Using TextExtractor.GetAsXml vs other API to extract text from PDF

Aaron_Gravesdale · May 8, 2009, 5:16pm

Q: I solved the issue regarding the highlights that was not appearing.
It was a localization issue.
I'm extracting the text from the Pdf file using the
TextExtractor.GetAsXml method (http://www.pdftron.com/pdfnet/
samplecode.html#TextExtract). This return xml document in this format:

<?xml version="1.0" encoding="utf-8" ?>
<Page num="1" crop_box="0, 0, 345.827, 487.559" media_box="0, 0,
345.827,
487.559" rotate="0">
<Flow id="1">
<Para id="0">
<Line box="36.8504, 391.192, 70.4119, 9.2126"
style="font-family:MyriadPro-Regular; font-size:9.2126; color:
#000000;">
<Word box="36.8504, 391.192, 34.8973, 9.2126">DIGITALE</Word>
<Word box="73.7008, 391.192, 33.5615, 9.2126">CAMERA</Word>
</Line>
</Para>
</Flow>
<Flow id="2">
<Para id="0">
<Line box="36.8504, 307.333, 77.04, 15"
style="font-family:MyriadPro-Regular; font-size:15; color: #000000;">
<Word box="36.8504, 307.333, 77.04, 15">Handleiding</Word>
</Line>
</Para>
</Flow>
<Flow id="3">
<Para id="0">
<Line box="297.796, 312.022, 16.2049, 15"
style="font-family:MyriadPro-Regular; font-size:15.2314; color:
#FFFFFF;">
<Word box="297.796, 312.022, 16.2049, 15">NL</Word>
</Line>
</Para>
</Flow>
<Flow id="4">
<Para id="1">
<Line box="150.236, 102.492, 153.65, 5"
style="font-family:MyriadPro-Regular; font-size:5; color: #000000;">
<Word box="150.236, 102.492, 1.41, 5">•</Word>
<Word box="155.906, 102.492, 6.535, 5">Wij</Word>
<Word box="163.501, 102.492, 15.63, 5">danken</Word>

As you can see from here, the Word element contains an attribute named
box which contains the bounding boxe's upper left coordinates, the
width and the heigth:

<Word box="163.501, 102.492, 15.63, 5">.

To be able to wrk with them I had to parse the double coordinates. The
issue appeared when running the program on a amchine with regional
settings different of English(Dutch for example). There, the decimal
separator for
doubles is "," and not ".". This is normal, but it took me quite a
long time to figure out why the highlights did not appear. They were
in the document's highlights summary, but they were not visible
because the
coordinates were parsed incorrectlly. All the highlights were aoutside
the visible area of page 1.
I would suggest something, if I may, in a next version could you
create amethod overload for the TextExtractor.GetAsXml which would
return the xml in the following format?

<Word X="163.501" Y= "102.492" Width="15.63" Height="5">danken</Word>
- The
decimal separator should be the one from the Culture of the process in
which
the library is loaded.("." For English, "," for Dutch and so on).
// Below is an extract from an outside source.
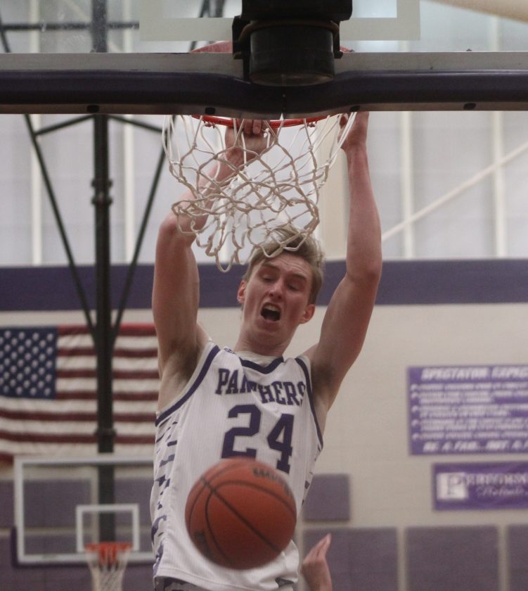 Nashua South's Rhett Medling, shown finishing a dunk earlier in the season, led the Panthers to a win over Spaulding on Wednesday night. (Telegraph photo by TOM KING)

This would be nice because it frees the developers from the burden of
taking care of localisation retaled issues. Please let me know what
you think about this.
--------
A: I am not sure why you are parsing the XML generated using GetAsXml
(). Instead of this you can iterate through lines and words
programmatically (as shown in TextExtract sample) and access all
required parameters. This is probably much simpler than parsing XML
and having to deal with locale issues etc.

Aaron_Gravesdale · May 8, 2009, 5:17pm

Thanks for the suggestions. It worked.